The in vitro metabolism of the prodrug was investigated according to the method published previously [6]. In brief, the prodrug was dissolved in DMSO at a concentration of 20 mM as a stock solution of which 1 µL was added to the incubation aliquots. The 0.2-mL incubation aliquots contained 2 mg/mL rat liver microsomal proteins, 75 mM potassium phosphate (pH 7.4), 17 mM magnesium chloride, 7 mM NADPH, 17 mM glucose 6-phosphate, and 1.2 units/mL of glucose-6-phosphate dehydrogenase. Incubation times ranged from 0.5 to 4 h, each halted by placing the vials in an ice bath, followed by adding an equal volume of methanol (0.2 mL). The quenched incubation mixtures were stored at −20 °C until analysis. Before HPLC separation, microsomal proteins were precipitated by centrifugation (10,000 × g, 15 min) at room temperature, and the supernatant was evaporated with a stream of nitrogen at 37 °C to 0.2 mL. The residual solution was applied to a 6-mL Supelco (Bellefonte, PA, USA) C18 solid-phase extraction column pretreated with water and methanol.
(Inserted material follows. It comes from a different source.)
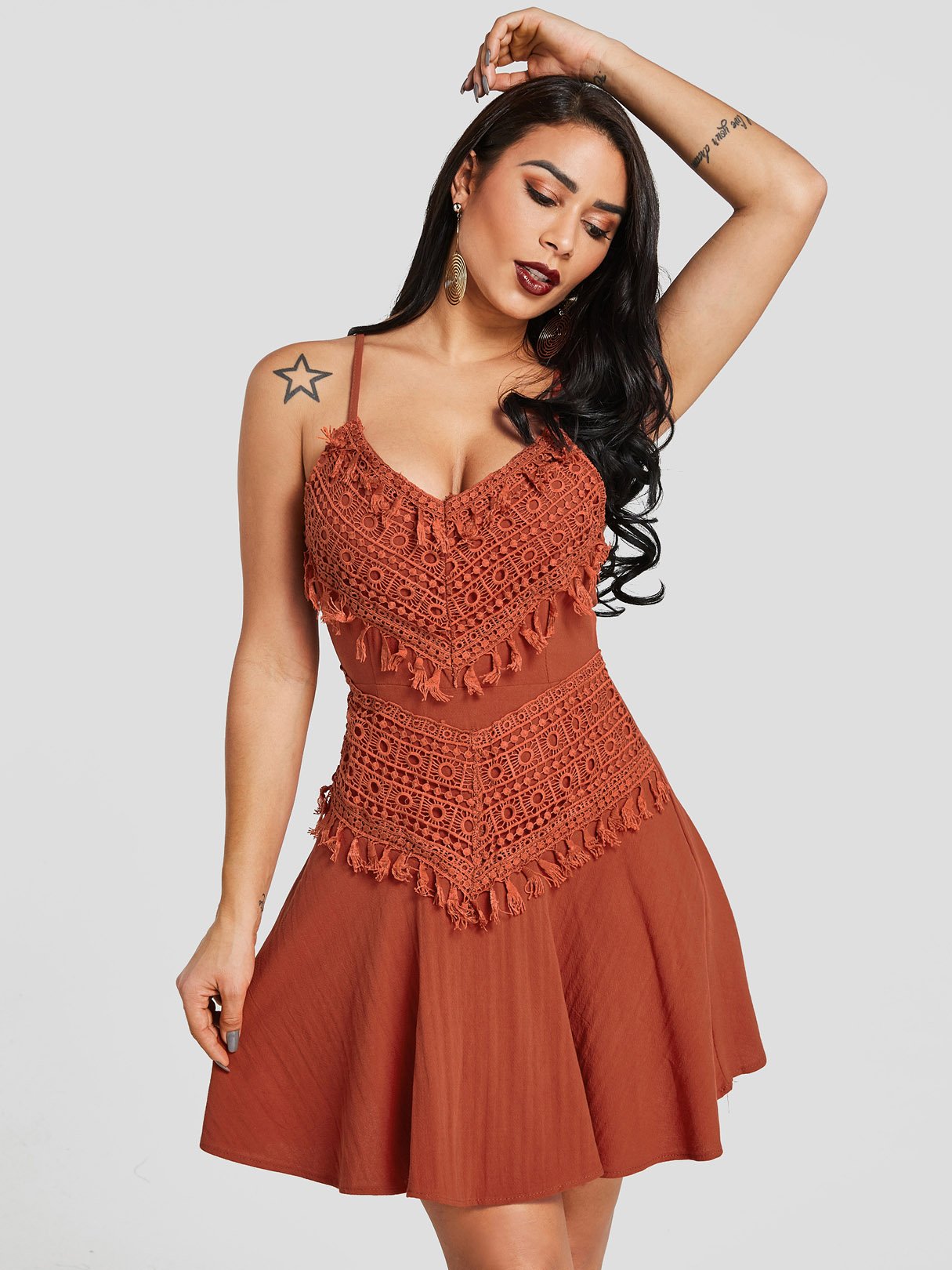 Orange V-Neck Sleeveless Backless Self-Tie Lace Insert Dresses

The column was washed with HPLC-grade water (2 × 3 mL) and eluted with methanol; the effluents were again concentrated by a nitrogen stream at 37 °C to 1.0 mL. Using a Zorbax (Agilent Technologies, Santa Clara, CA, USA) Rx-C8 column (2.1 × 150 mm; 5-µm pore size) coupled to a Supelco C18 guard column (2 × 18 mm, 5 µm) was used for separation. A Shimadzu LC-MS 2010 was used for initial screening of possible metabolic products generated from the microsomal incubations by obtaining the mass spectra of all chromatographic peaks. The mobile phase consisted of acetonitrile-10 mM heptansulfonate-10 mM TMAC-4.2 mM H3PO4 in H2O with a linear 22.5% to 45% acetonitrile gradient over 25 min.

4. Conclusions

A series of potential prodrugs of a promising antifungal agent, N1,N5-bis[4-(N'-(carbamimidoyl)phenyl]glutaramide, has been designed and synthesized. The highly basic and polar bis-amidine groups in the parent molecule were replaced with amidoximes, acylamidoximes or oxadiazoles functional groups that have reduced pKa values and greater partition coefficients. Metabolism study with the amidoxime prodrug showed that the designed strategy was effective in producing the bis-amidine metabolite following incubation with rat liver microsomes. Future studies will include the in vivo evaluation of these prodrugs in the animal model of pneumocystosis and the ability of the prodrug functions to be biotransformed into the active bis-amidine functional groups. Extension of this strategy could also be successfully applied to bis-benzamidines exhibiting potential to treat brain disorders [37,38], myotonic dystrophy [39], or Epstein-Barr virus caused diseases [40].

Acknowledgments

The work described in this manuscript has been funded in part by the NIH under grant number 8G12MD007595.

Conflicts of Interest

The authors declare no conflict of interest.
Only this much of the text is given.